Single Mom Taylor (Alexandra Breckenridge) gets fired just before Christmas from her job doing some type of quality control on cookies, her daughter Zoey (Madison MacIsaac) gets accepted into a pricey snowboarding academy at a ski lodge, and Taylor just so happens to hear that the lodge is in desperate need of a Santa. Plus, employees get a 50% discount for the snowboarding program. She’ll play Santa. After all, her brother and his partner just so happen to have all of the fanciest 3D printing and molding tech to disguise her as the man in the red suit.

Complicating things is her run in with playboy Matthew Layne (Ryan Eggold). They meet at a record store and he recognizes Taylor from her days as the leading lady punk rock singer for “Screaming Kittens,” but Matthew also happens to have just taken on a managing position at the lodge owned by his billionaire father. Matthew, a 40 something man who’s never worked a day in his life, wants to show his old man that he can get the job done. Meanwhile, Taylor has to pull her best Mrs. Doubtfire impression to both play Santa and finally take Matthew up on that cup of hot chocolate he won’t stop bugging her about it (because that’s what grown adults do, not 12 year olds on their very first date ever.)

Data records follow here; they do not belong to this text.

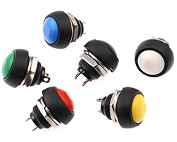 押しボタンスイッチ、操作部:φ11.8mm、パネル取付、1回路1接点、モーメンタリ、定格表記:0.3A 60VDC、1.5A 250VAC、表記価格:1
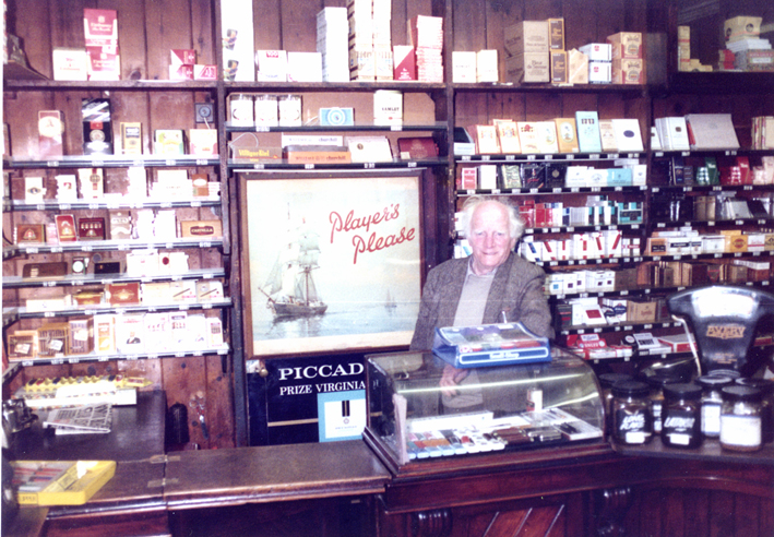 Description: This is the interior of Bassetts shop,Tobacco and Cigar Merchant of 12 Market Place, Penzance with Mr D E Scobey behind the counter. He retired on 16 August 1985.
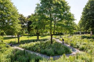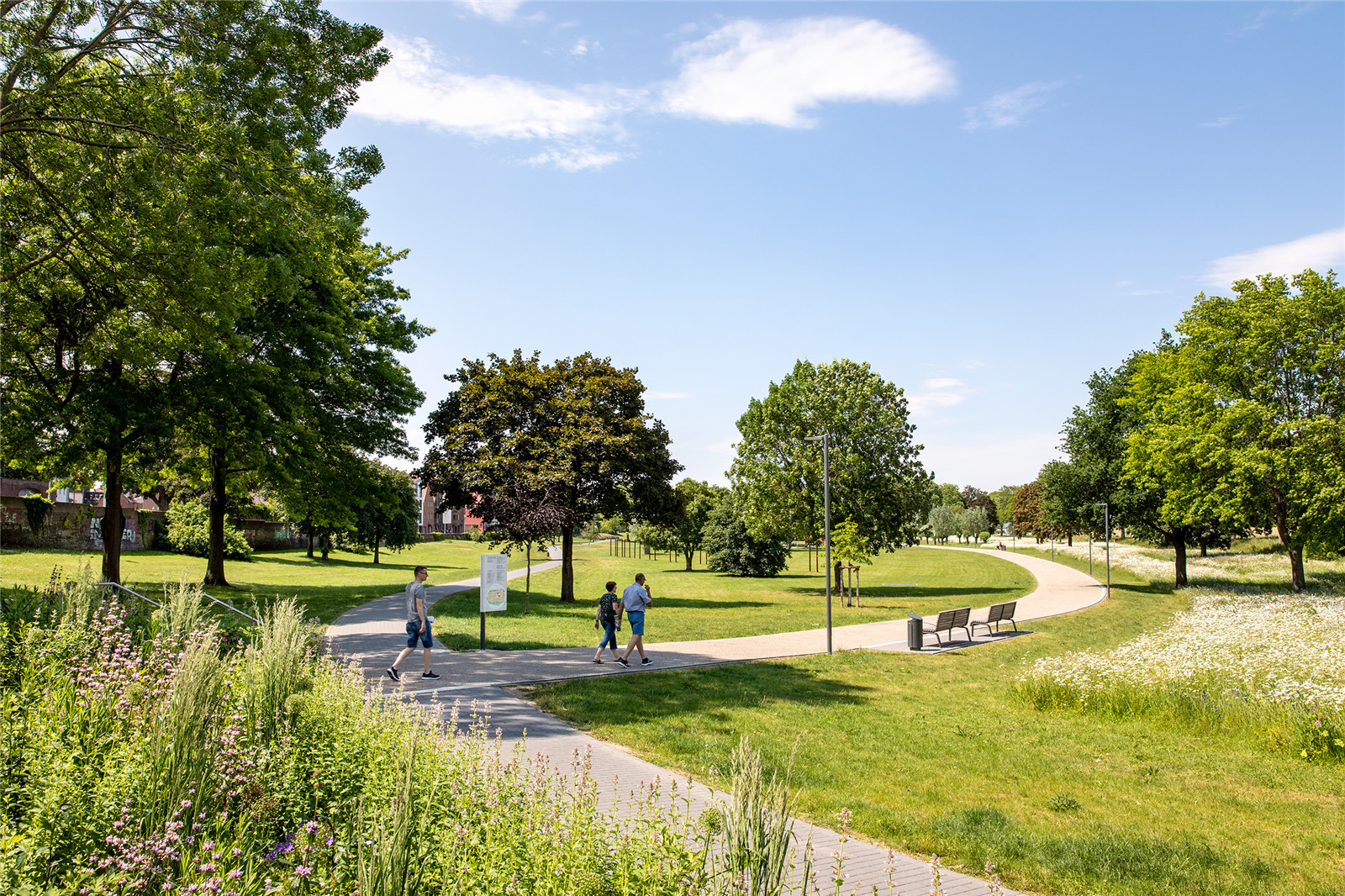 The park is characterized by generous grass and meadow areas planted with groups of trees, single trees and shrubs. We have partially opened the structures and dimensions of the rampart to better integrate it within the park. Alongside the Bundesstra?e 57 and lengthways the Eastern Wall, the existing trees were supplemented with a free-growing hedge of lower shrubs.

Don’t mind you this doesn’t even cover the plot point about the villainous manager (Tia Mowry) trying to sabotage Matthew, or how Taylor’s female landlord is all horny for her when she’s dressed up as Santa, or how the film somehow inevitably ends with an outdoor concert where Taylor finally finds her voice and lust for life again. Only so much nonsense can get packed into a 90 minute movie (that feels about twice that length) until it starts bursting at the seams. My Secret Santa isn’t romantic, isn’t comedic, and really isn’t even self-aware enough to know how awful it really is. I’m typically a sucker for some of these movies, but this one I spat right out.

“This is the dumbest idea I’ve ever heard.”